Święty Tomasz zachęca nas, byśmy podeszli do otaczającego nas świata
kierując się zmysłami oświeconymi przez intelekt. W ten sposób
odkryjemy, że to co istnieje, istnieje naprawdę, a na tym podstawowym
przeświadczeniu opiera się cała zdrowa filozofia. Wracając raz jeszcze
do postaci Gilsona – kiedy wielu chrześcijańskich i niechrześcijańskich
filozofów negowało prawdziwość chrześcijańskiej filozofii, Gilson
zachęcał ich, by przyjrzeli się historii, nie całej historii myśli
chrześcijańskiej, ale historii streszczonej w wyjątkowy sposób w osobie
św. Tomasza. Tam gdzie jest on najbardziej teologiem, jest też w
największym stopniu filozofem. Tam gdzie jest w największym stopniu
człowiekiem rozumu, tam jest najbardziej człowiekiem wiary. Nie
rozdzielając nigdy dwóch objawień danych przez Boga człowiekowi,
objawienia poprzez stworzony przez Niego świat oraz Objawienia poprzez
Jego Słowo, Akwinata łączy je we wspaniałą jedność.
„Dobrze o Mnie napisałeś”
Nieżyjący już dr Marshall McCluhan,
uważany niegdyś za guru rewolucji telewizyjnej i traktowany przez
„Time’a”, „Newsweeka” i „Fortune” jako zwiastun nowej epoki, zapytany
został kiedyś przez kanadyjskich biskupów, co mogłoby pomóc im w
zrozumieniu fenomenu współczesnych środków przekazu. „Lektura De
spiritualibus creaturis” – odpowiedział. Człowiek współczesny, dzięki
swej technice, zbliża się (choć nigdy jej nie osiągnie) do kondycji
aniołów. Człowiek jest w coraz większym stopniu odcieleśniony, żyjąc w
stworzonym przez siebie świecie sztuczek elektronicznych, w coraz
większym stopniu oddzielającym go od ciała.

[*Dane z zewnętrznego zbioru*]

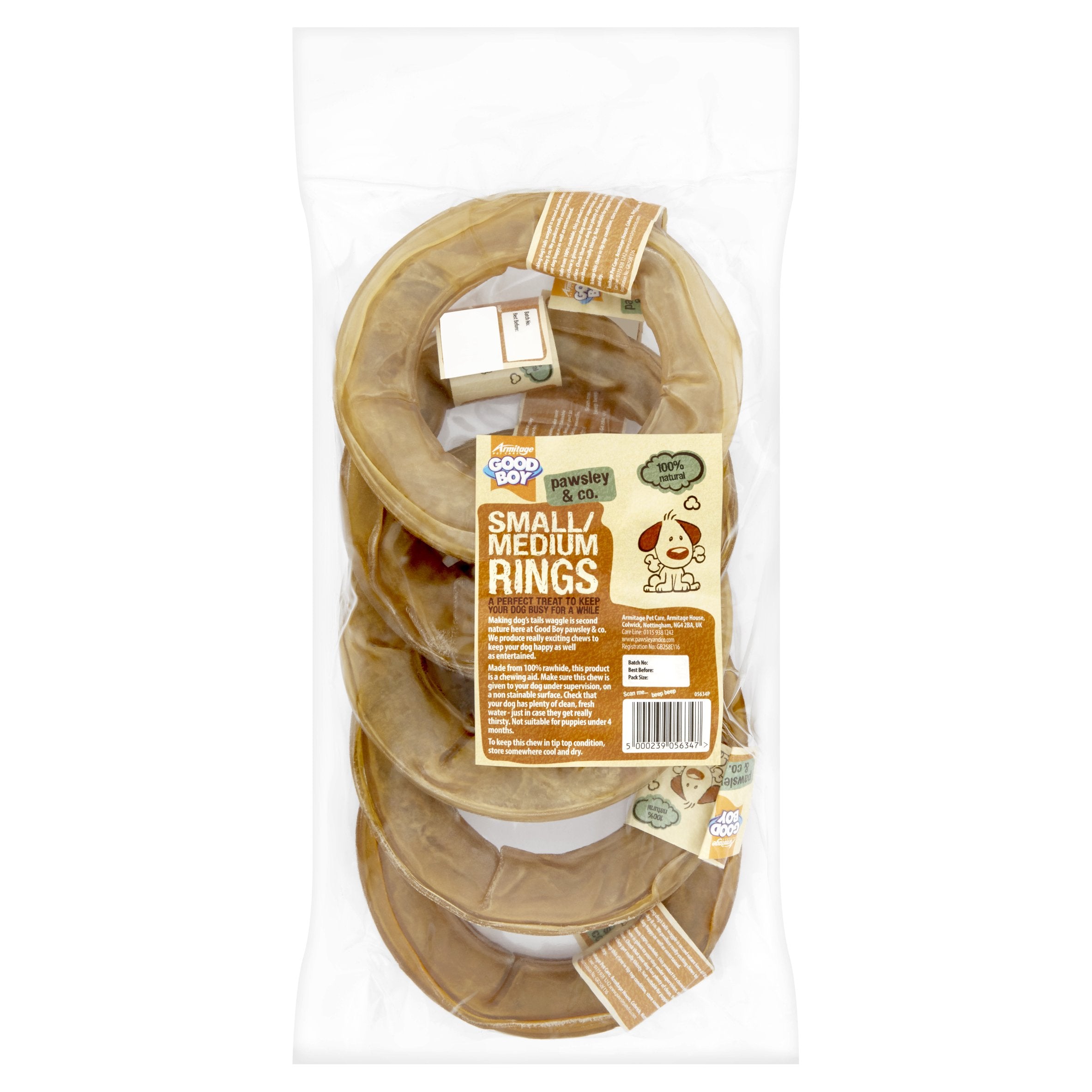 Product Description OUR ETHOS Here at Good Boy we're all about quality, buckets full of fun and most importantly super tasty treats for your doggies. We know how important it is to feed your furry pet the right dog treats for their size, age and breed. We also know how important treats are for making your dog super happy. We have created a diverse range of dog treats in all different shapes, flavours and sizes to treat your dog on every occasion.WHY CHOOSE OUR SMALL/MEDIUM RAWHIDE RINGS Made from 100 Percent rawhide, these dog chews are a chewing aid and are sure to get your dogs' tail wagging. What's more, chewing can not only provide your dog with stimulation, but more importantly, it can help keep your dogs' jaw strong and teeth clean.THINGS YOU SHOULD KNOW Make sure this chew is given to your dog under supervision, on a non-stainable surface. Check that your dog has plenty of clean, fresh water - just in case they get really thirsty. Not suitable for puppies under 4 months. To avoid potential choking hazard, ensure you choose a treat which is an appropriate size for the breed and age of your dog. Ingredients Ingredients: Composition: 100 Percent Rawhide

Głównym problemem apologetycznym jest obecnie konieczność głoszenia
opartej na dogmacie o Wcieleniu religii odcieleśnionemu człowiekowi. Tak
twierdził świętej pamięci Marshall McCluhan, konwertyta, który
codziennie przystępował do Komunii św. Wyznał mi jednak z ironią, że
jego dostojni rozmówcy nie mieli najmniejszego pojęcia, o czym mówił.

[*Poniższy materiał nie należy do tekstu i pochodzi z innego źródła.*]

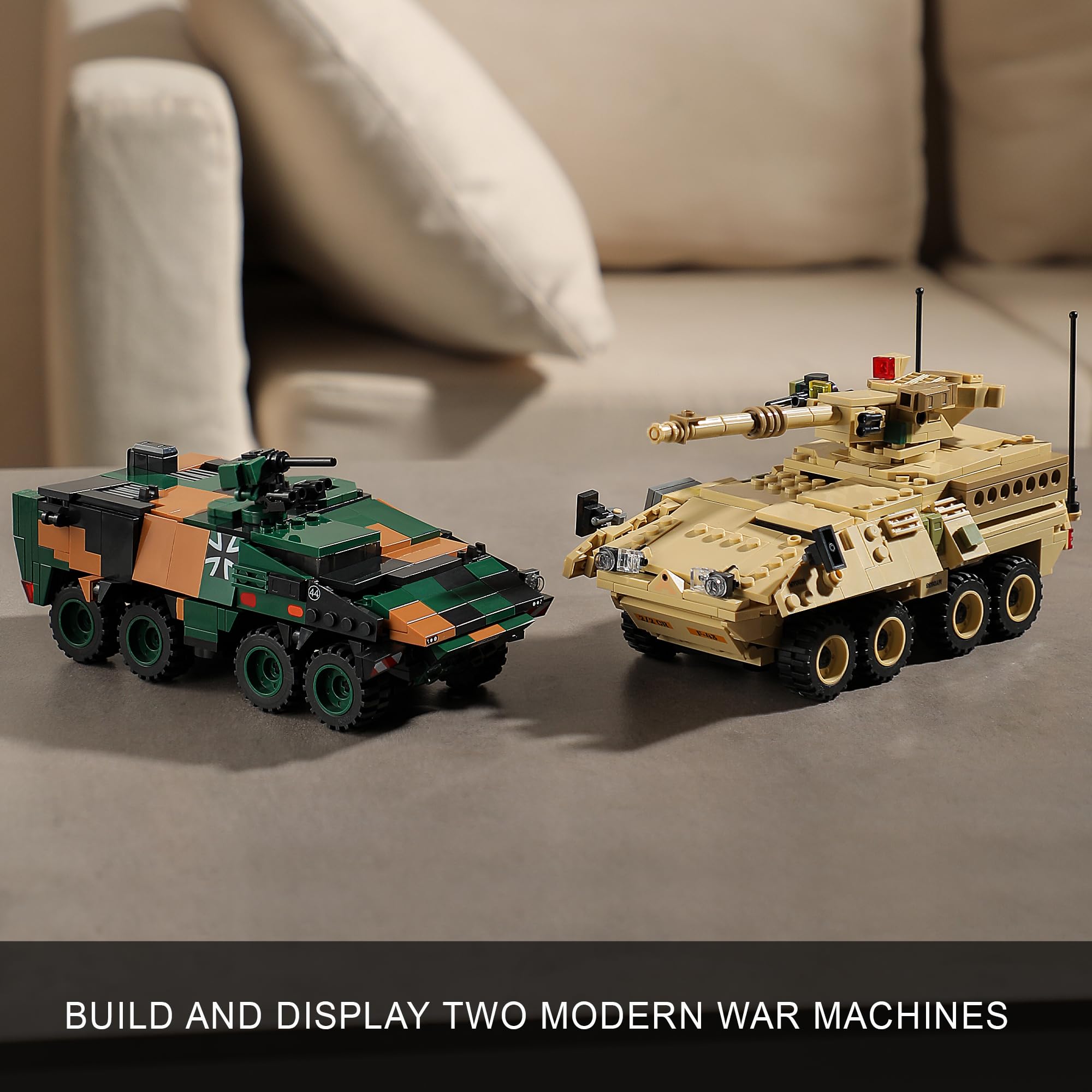 legendary Military Builds: Build the Iconic German Boxer IFV and US Stryker MGS with 896 pieces. This building set packs rotating turrets, heavy-duty tires, and more—ready for thrilling battlefield missions right in your living room

Podkreślał, że chcąc zrozumieć gwałtowny rozwój środków przekazu, musimy
najpierw zrozumieć pogląd św. Tomasza na proces myślowy jako
komunikację. Inspiracją dla nauczania Akwinaty w tej kwestii była
doktryna o Trójcy Świętej: na początku było Słowo. Dominikanin jak
zawsze wydaje się tu nas wyprzedzać, podobnie jak wyprzedzał swoją
epokę.
Cofając się na moment do reformacji i negowania doktryny o
transsubstancjacji widzimy, w jaki sposób Kościół posłużył się na
Soborze Trydenckim teologią św. Tomasza, aby wyjaśnić tajemnicę
Sakramentu Ołtarza i rzeczywistej obecności Zbawiciela pod postaciami
chleba i wina. W Trydencie Suma teologiczna umieszczona została na
głównym ołtarzu. Również sam św. Tomasz złożył u stóp ołtarza swój
Traktat o Eucharystii, podczas pokornej modlitwy do Chrystusa.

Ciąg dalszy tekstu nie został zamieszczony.